### DESCRIPTION OF THE TASK
Omitting all pictures, print the lines of the listing from the one containing "Sunshine - slutty" through the final line, both ends included, with no other text.
─── DATA SHOWN ───
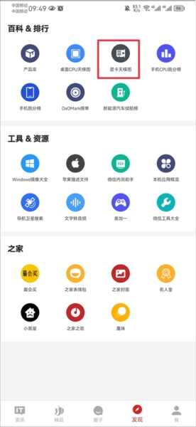 1、在发现界面中为用户提供了百科排行、工具资源、之家三大类功能,在百科排行功能中点击显卡天梯图
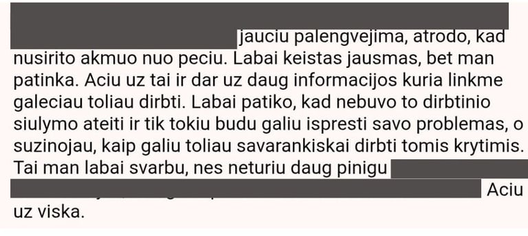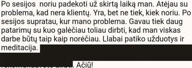 Dėmesio! Su depresija, stipriais nerimo sutrikimais, savęs žalojimo mintimis ar kitomis sudėtingomis būsenomis aš nedirbu. Kuo skubiau kreipkitės į gydytoją, psichikos sveikatos specialistą ar pagalbos linijas.
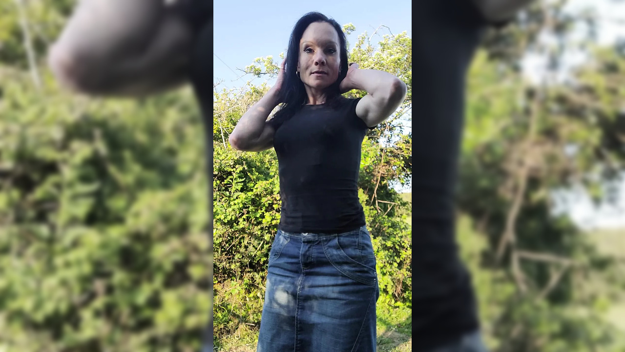Sunshine - slutty tattooed girl squirts in public from countryside pussy play
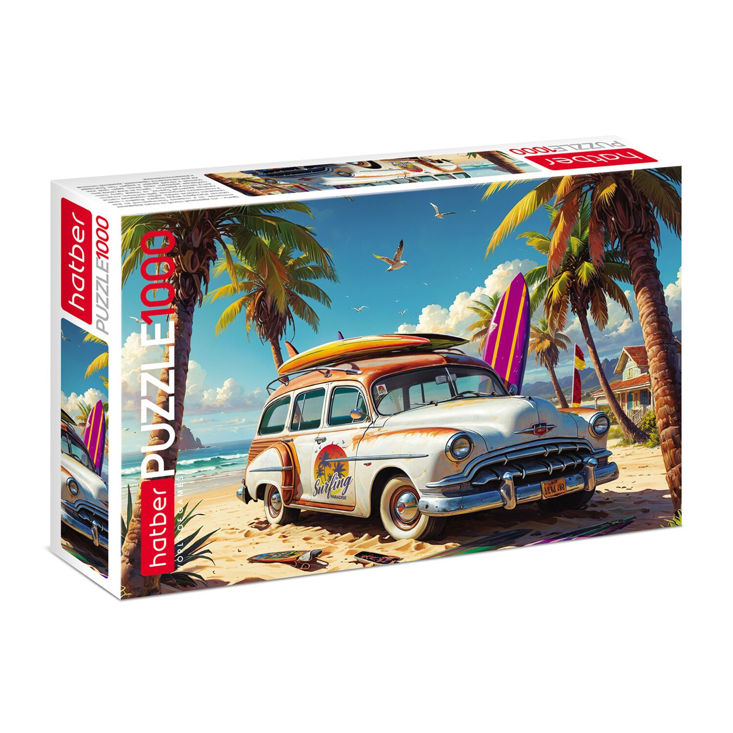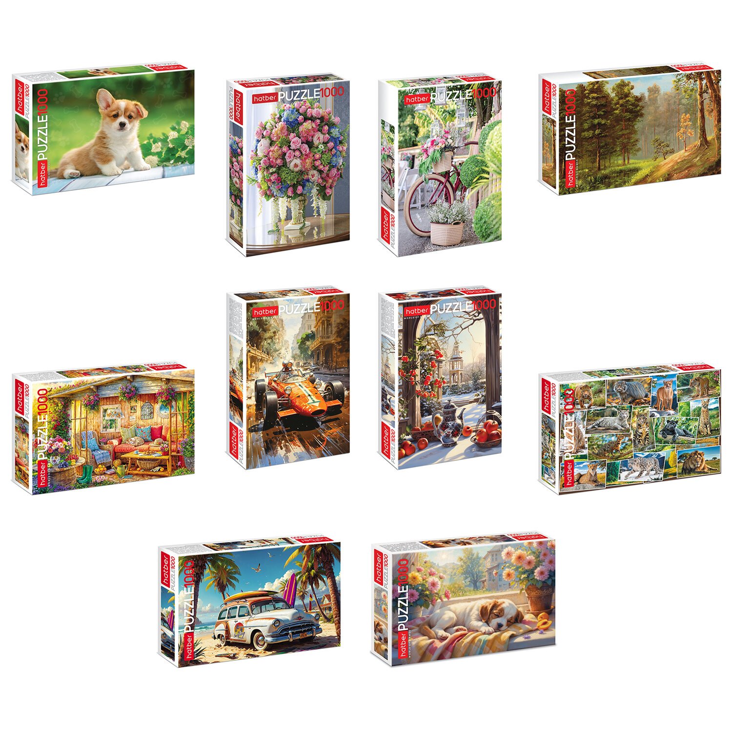 Пазл картонный 1000 элементов АССОРТИ, 10 дизайнов, 480х680 мм, HATBER
───
### ANSWER TO THIS EXERCISE
Sunshine - slutty tattooed girl squirts in public from countryside pussy play
 Пазл картонный 1000 элементов АССОРТИ, 10 дизайнов, 480х680 мм, HATBER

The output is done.